Insurers continue to profit under the popular Medicare Advantage program, which bundles benefits together, but it was cut $200 billion under last year's overhaul. They are fighting changes in Medigap coverage and endorsing a plan to enroll people who qualify for both Medicare and Medicaid in private health plans.

Also on the chopping block are medical colleges and teaching hospitals that train doctors while providing much of the nation's Medicaid and charity care. The Association of American Medical Colleges is running ads to "make sure that we connect the dots for people," says chief advocacy officer Atul Grover.

Providers argue that the more reimbursements are reduced, the more likely it is that doctors and others will limit Medicare patients, as they have done with Medicaid. Most would rather accept the threatened 2% across-the-board cut than anything worse. "All the providers are in a tenuous situation," says Chip Kahn, president of the Federation of American Hospitals. "Across-the-board reductions are brutal justice. But on the other hand, it's better than the alternative."

5 Root out waste and inefficiency

If providers fight successfully to avoid further cuts and lawmakers are afraid to hit beneficiaries, the debate could turn to waste, fraud and abuse.

Medicare is considered a high-risk program by the Government Accountability Office because it's prone to high rates of fraud, waste, abuse and improper payments. The GAO estimates that $48 billion was lost through improper payments in 2010 — nearly 10% of Medicare's total cost.

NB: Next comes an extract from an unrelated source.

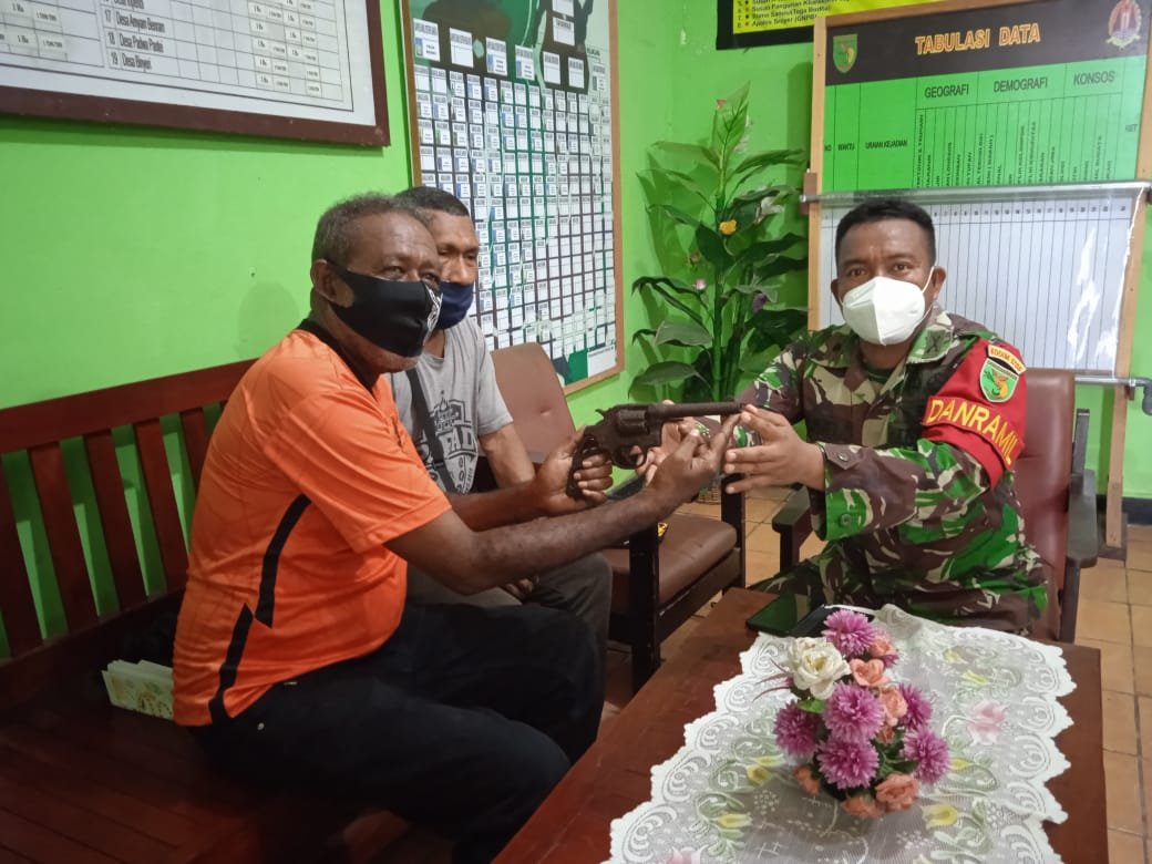 “Usai mendengar hal tersebut, Babinsa mendampingi warga untuk menyerahkan senjata api tersebut ke Koramil 1708-01/Biak Kota,” tambah Danramil.

Government recovery efforts have lagged far behind the problem. Inspector general reports show that just $4 billion was recovered last year from improper payments in government health care programs. Last year's health care law called for about $6 billion in savings by cracking down on waste and fraud.

The attraction of targeting fraudulent and inefficient health care providers is obvious: Unlike all the other cost-saving measures, it doesn't diminish the nation's health care system. "If you put less money into health care," Steuerle says, "to some extent, you're going to get less health care."